Data segment:
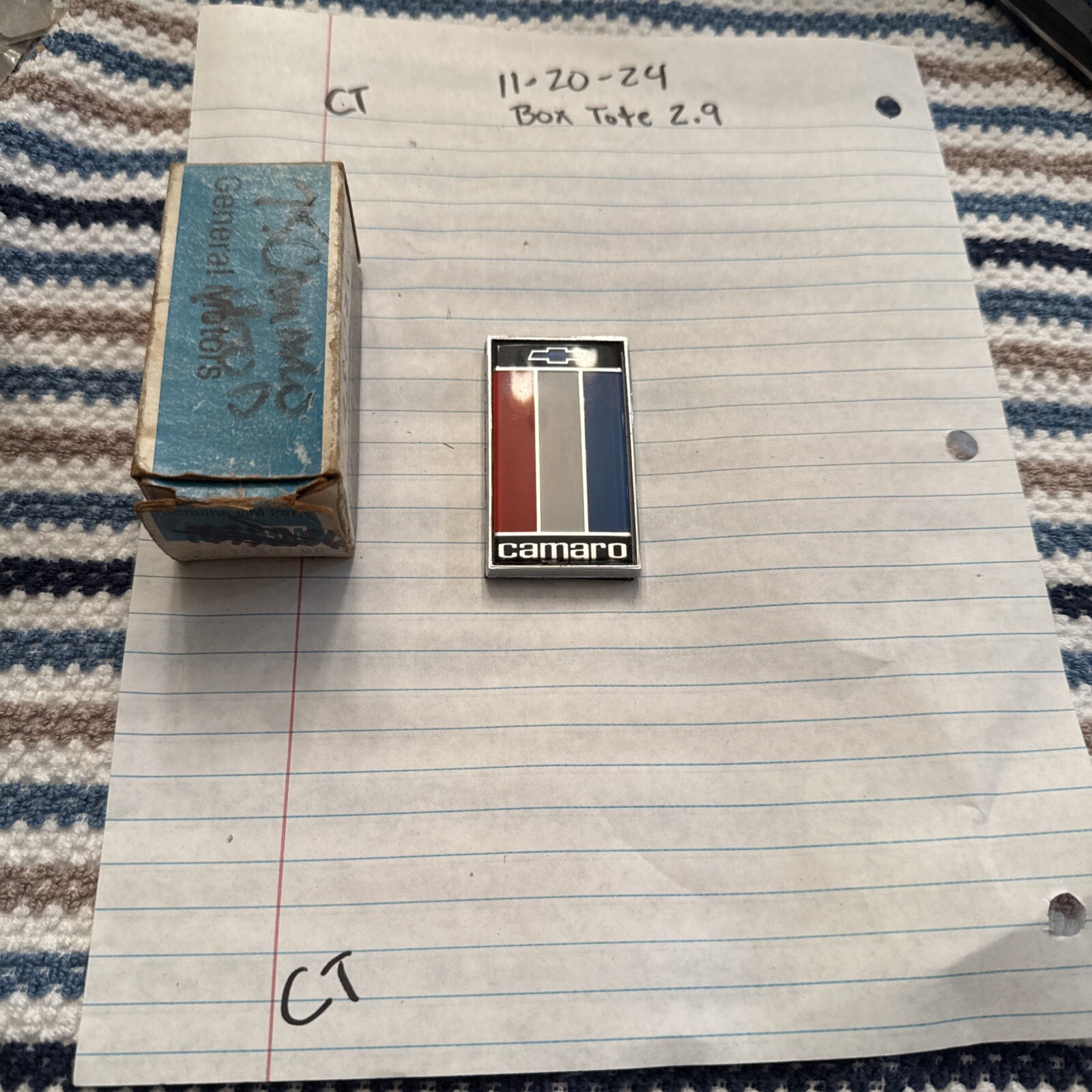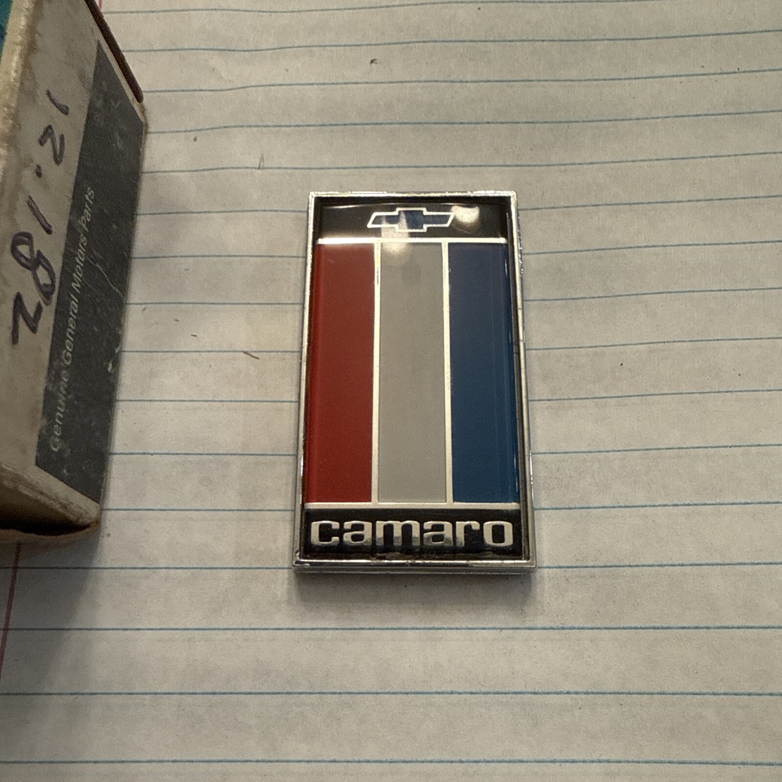 This is a NOS (New Old Stock) emblem for the rear deck trunk of a 1975-77 Chevy Camaro Z/28 RS SS. The emblem is manufactured by General Motors and has the part number 1739100. It is a vintage part made in the United States and is a universal fitment for the Camaro model. This emblem is perfect for car enthusiasts who want to add an authentic piece to their collection.
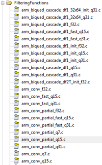 主要是滤波函数,如IIR,FIR,LMS等,下面是部分API截图:
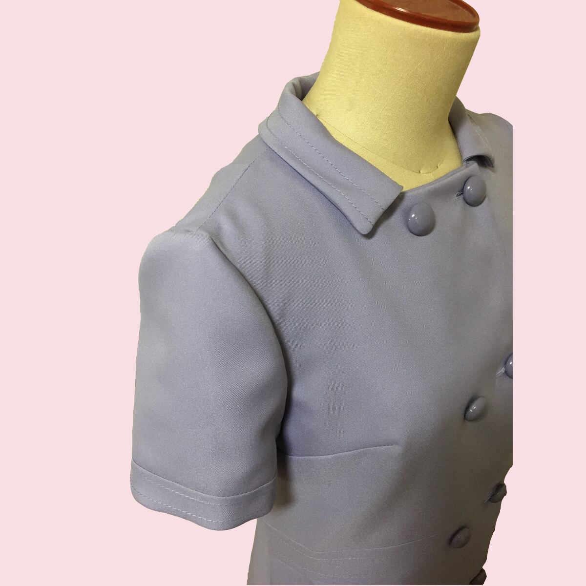 W開きハーフスリーブ、60sチックなデザインのソリッドカラーワンピースです。
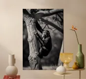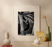 Immaginate una suggestiva scena in bianco e nero di una scimmia che si arrampica con grazia su un albero nodoso. La scimmia, con i suoi arti agili e il suo volto espressivo, è in pieno movimento, con una mano che afferra un ramo spesso mentre il suo corpo si protende verso il tronco. La corteccia strutturata contrasta nettamente con la morbidezza della pelliccia della scimmia. Le ombre giocano in modo drammatico sulla scena, esaltando i contorni dell'albero e la forma della scimmia. L'atmosfera sembra quasi eterea, evocando un senso di immobilità e concentrazione in mezzo alla natura selvaggia. I rami in alto creano un baldacchino, filtrando la luce e aggiungendo profondità alla composizione.

Work instruction:
The data needs to be reproduced exactly, please, apart from its pictures.

Response to this task:
 This is a NOS (New Old Stock) emblem for the rear deck trunk of a 1975-77 Chevy Camaro Z/28 RS SS. The emblem is manufactured by General Motors and has the part number 1739100. It is a vintage part made in the United States and is a universal fitment for the Camaro model. This emblem is perfect for car enthusiasts who want to add an authentic piece to their collection.
 主要是滤波函数,如IIR,FIR,LMS等,下面是部分API截图:
 W開きハーフスリーブ、60sチックなデザインのソリッドカラーワンピースです。
 Immaginate una suggestiva scena in bianco e nero di una scimmia che si arrampica con grazia su un albero nodoso. La scimmia, con i suoi arti agili e il suo volto espressivo, è in pieno movimento, con una mano che afferra un ramo spesso mentre il suo corpo si protende verso il tronco. La corteccia strutturata contrasta nettamente con la morbidezza della pelliccia della scimmia. Le ombre giocano in modo drammatico sulla scena, esaltando i contorni dell'albero e la forma della scimmia. L'atmosfera sembra quasi eterea, evocando un senso di immobilità e concentrazione in mezzo alla natura selvaggia. I rami in alto creano un baldacchino, filtrando la luce e aggiungendo profondità alla composizione.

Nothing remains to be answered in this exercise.